Network latency is different from bandwidth; it is the time delay between sending information from one point to the next.  Though current 4G has a latency of 50 ms, it’s not low enough to account for split-second responses needed in passenger vehicles. Latency is usually estimated as a round trip delay—calculating how long will it take one system module to send a message and then receive confirmation of receipt from another system module before it is able to send more information. So the measure of a network’s round-trip delay is an important factor when thinking about timing.

 

Though in most cases the best way to reduce network latency may be to use a wired connection. However, it isn’t feasible in situations where reliable wireless connectivity is required, like autonomous vehicles. So instead the challenge is to ensure a reliable and robust communication network as we move into the future.

 

Like standard vehicles where a faulty emissions system may trigger a notification sensor on the dashboard, autonomous vehicles both generate and transmit information. But the information that they generate and transmit doesn’t just stay within the car. Autonomous vehicles are in constant communication with networks and maybe even with other vehicles.  In fact, tech giant Intel estimates that once adopted, self-driving cars may generate more than 4 terabytes of data per day.

 

Our current communication networks do not have the bandwidth or the latency to support such a reality. Thus, the movement to make self-driving cars an everyday presence on the roadways must first realize a necessary transformation to the United States’ Internet infrastructure.  To support this initiative, Intel is investing up to $250 million in research and development funding.

 

Current Workarounds

In 1999 the FCC allocated 75MHz of the 5.9GHz spectrum for a system called Dedicated Short-range Communication (DSRC). This space was identified in a forward thinking move—to be used by “intelligent transportation solutions” in the future. Nearly two decades later it has seen little use, but that may soon change as the limitations of 4G become more apparent.

 

Internet access is plentiful in urban and more densely-populated areas but it is less so in rural areas—which accounts for much of the landscape, at least in the U.S. Given that, there has to be a way for autonomous vehicles to talk to each other when internet connectivity is lost.

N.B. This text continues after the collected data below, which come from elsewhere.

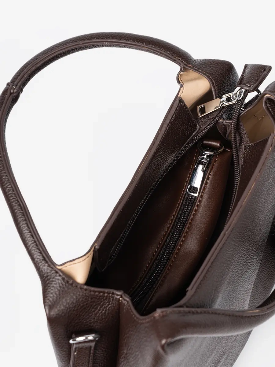 Tato kabelka je vyrobena z vysoce kvalitní ekologické kůže, která nejen že vypadá skvěle, ale také je odolná a dlouho vydrží. Tmavě hnědý odstín dodává kabelce sofistikovaný vzhled, který se hodí jak k elegantním, tak i k casual outfitům. Detaily v srebrném odstínu dodávají celkovému designu šmrnc a moderní nádech.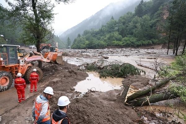 8月8日,救援人员在榆中县马坡乡山洪灾害现场抢修中断道路。 金万贵/摄(新华社发)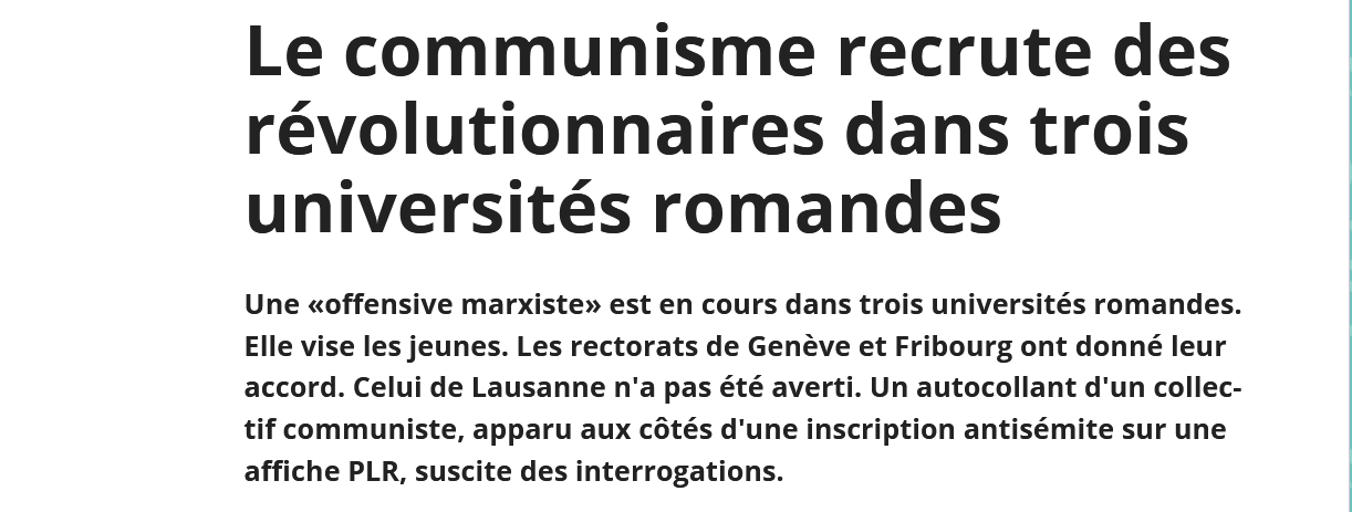 Depuis que nous avons lancé la campagne “es-tu communiste ?”, des centaines de jeunes en Romandie, mais aussi partout dans le monde, nous ont contacté pour rejoindre l’organisation révolutionnaire. Nos affiches ne passent pas non plus inaperçues des conservateurs, qui s’étranglent de voir le communisme revenir en force. Ils espéraient que celui-ci était définitivement enterré mais la crise profonde dans laquelle est la société actuelle le ramène à l’ordre du jour. Le communisme représente aujourd’hui un moyen de sortir de la barbarie du système actuel et libérer tout le potentiel de l’humanité. C’est pour cela que nous recrutons et c’est pour cela que la jeunesse répond massivement à notre campagne de recrutement. Dépassés par les événements, ces journalistes conservateurs n’ont plus qu’à répéter en boucle de vieux clichés, en nous offrant un peu de pub gratuite au passage, ce que fait le dernier exemple en date, un article paru sur watson.ch.

One possible solution for this is to use mesh networks, an interconnected system of nodes, bridges, and routers that are both wired and wireless. Gopher Protocol’s new research division gNETCar has been testing its mesh network tracking technology on autonomous vehicles, and has shown early promise.

 

Building for the Future

While it’s too early to tell if speedy 5G will be the answer, it has this potential: an increased number of connections allowed at any one time (100 billion); low latency (1 ms, compared to current 4G 50ms); and high throughput (10 Gbps).

 

But speed isn’t the only consideration—reliability is just as important. To avoid overburdening crowded networks, companies will likely have to rely on hybrid networks that combine a variety of methods, including edge computing which allows data that needs to be acted upon locally to be processed at the source.